Fomos surpreendidos na tarde dessa quarta-feira (20/05), com uma live do ex-prefeito de Tanguá, Rodrigo Medeiros; que denuncia uma nova “filhadaputagem” em nossa Região: a suposta instalação de uma praça de pedágio “provavelmente entre os municípios de Tanguá e Rio Bonito” (SIC). No conteúdo feito em sua rede social, Rodrigo Medeiros diz acreditar que o equipamento seja instalado no espaço onde funciona a balança de pesagem da Arteris Fluminense. No km 272 da BR – 101, próximo a Clínica Ego.
De acordo com Rodrigo Medeiros, nessa quinta-feira (21), às 14h, no Espaço Shamá, no bairro Pinhão, em Tanguá; uma reunião, convocada pela concessionária que gerencia a Rodovia BR – 101, promete trazer informações a respeito do assunto. O ex-prefeito convoca a população da Região a comparecer em massa para tomar conhecimento do tema e também para se organizar no sentido de impedir a instalação desse pedágio entre Rio Bonito e Tanguá.
Há décadas essa farra de pedágio aniquila o progresso e o desenvolvimento da nossa Região, sendo Rio Bonito sempre o mais prejudicado.

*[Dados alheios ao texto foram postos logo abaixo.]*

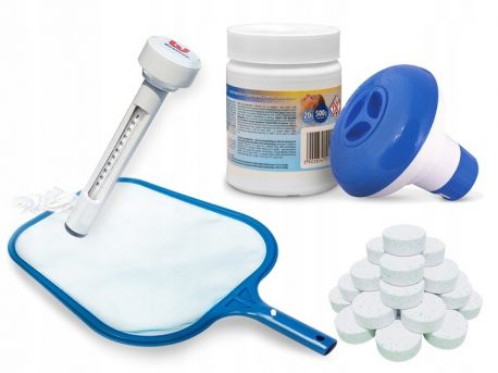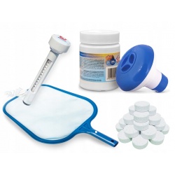 W zestawie znajduje się chemia basenowa jako Multitabletki do rozpuszczania w dozowniku lub w skimerze. Tabletka 20g wystarcza na 2000 litrów wody przez około tydzień. Zestaw 25 tabletek to zapas chemii na cały sezon kąpielowy.

O pedágio mais caro do Brasil, instalado na RJ – 124 (ViaLagos), trouxe atrasos econômicos importantes para Rio Bonito. Anteriormente, moradores de Saquarema e Araruama recorriam a Rio Bonito para compras, serviços e buscar repartições públicas. Depois de 1996, quando começou o pedágio da ViaLagos, esse trânsito ficou muito caro e Rio Bonito perdeu essa clientela. Para você entender a gravidade da situação, em 02/12/1999, direção da ViaLagos e Prefeitura de Rio Bonito, cretinamente fecharam o acesso que ligava as localidades de Jacundá e Mineiros. O objetivo? Impedir que as pessoas usassem a referida via para fugir do “pedágio mais caro do Brasil”.
O impacto na Economia de Rio Bonito também pode ser percebido com a instalação do pedágio na entrada da localidade do Sambê. Os moradores de Silva Jardim sempre recorreram a Rio Bonito para fazer suas compras, buscar serviços e repartições, igualmente acontecia com os moradores de Araruama e Saquarema. A partir do pedágio na entrada do Sambê, o silvajardinense diminuiu sua frequência a Rio Bonito.
Nesse caso, além do impacto econômico para Rio Bonito, ainda tem a questão ambiental. É que para construir a praça de pedágio uma série de crimes ambientais ocorreu. Todavia, tudo o que aconteceu acabou sendo solenemente ignorado. À época, por conta das irregularidades ambientais, a Secretaria Municipal de Meio Ambiente de Rio Bonito embargou as obras da praça do pedágio. O embargo, porém, não durou muito tempo. Uma canetada federal também solenemente ignorou as razões da Prefeitura de Rio Bonito e autorizou o prosseguimento das obras.
Vale aproveitar o ensejo para visitar também a história da RJ – 116, estrada que liga Itaboraí a Cachoeiras de Macacu, que também recebeu suas praças de pedágio, o que tornou bem mais caro transitar entre esses municípios. Esse caso também conta com coincidências. Assim que o pedágio começou a operar a estrada que liga Tanguá a Itaboraí pela localidade de Engenho D’Água, com saída Sambaetiba, foi abandonada.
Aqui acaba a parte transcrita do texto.